Without it, RV park investing becomes a scavenger hunt. With it, the question gets much cleaner:
Does this specific property match the strategy, or is it just available?
RV Park Buy Box Scorecard
My first-pass filter: I want a park that is small enough to be manageable, large enough to support systems, and clean enough that the upside comes from better operations rather than heroic rescue work.
- Price: $500,000 to $2.5 million.
- Sites: 40 to 150 usable sites.
- Occupancy: at least 55 percent current occupancy.
- Income: path to $60,000 or more in stabilized NOI.
- Structure: seller financing, assumable debt, or clear creative-finance potential.
Buy Box: Green Lights vs.

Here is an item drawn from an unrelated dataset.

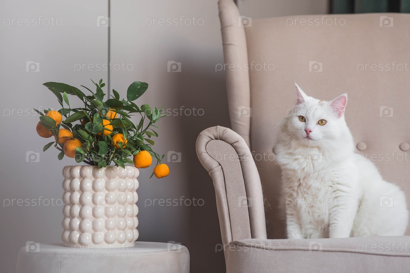 Молодой белый пушистый кот сидит на бежевом стуле в гостиной

Red Flags
| Category | Green light | Red flag |
|---|---|---|
| Site count | 40 to 150 usable sites | Inflated site count where many pads are not rentable |
| Occupancy | Existing demand with room to improve | Low occupancy with no clear demand driver |
| Seller | Long-term owner open to transition | Seller cannot explain operations or prove income |
| Utilities | Documented water, sewer, power, and internet | Unknown capacity, violations, or major upgrades needed |
| Financing | Seller note or assumable structure supports reserves | Terms only work if everything goes perfectly |
| Upside | Better management, cleaner collections, modest improvements | Major construction project disguised as value-add |
Graph: My First-Pass RV Park Fit Score
Frequently Asked Questions
What is a realistic RV park buy box for a first acquisition?
My current target is roughly $500,000 to $2.5 million, 40 to 150 sites, at least 55 percent current occupancy, and a path to $60,000 or more in stabilized NOI.
Why do I care so much about seller financing?
Seller financing can preserve cash for reserves and improvements, reduce bank-dependency, and create a cleaner transition for a long-time owner who wants installment income or continuity.
What would make me pass quickly?
I would pass quickly on unclear legal use, undocumented utilities, unverifiable income, unexplained occupancy decline, or a deal where the upside depends on a major construction project.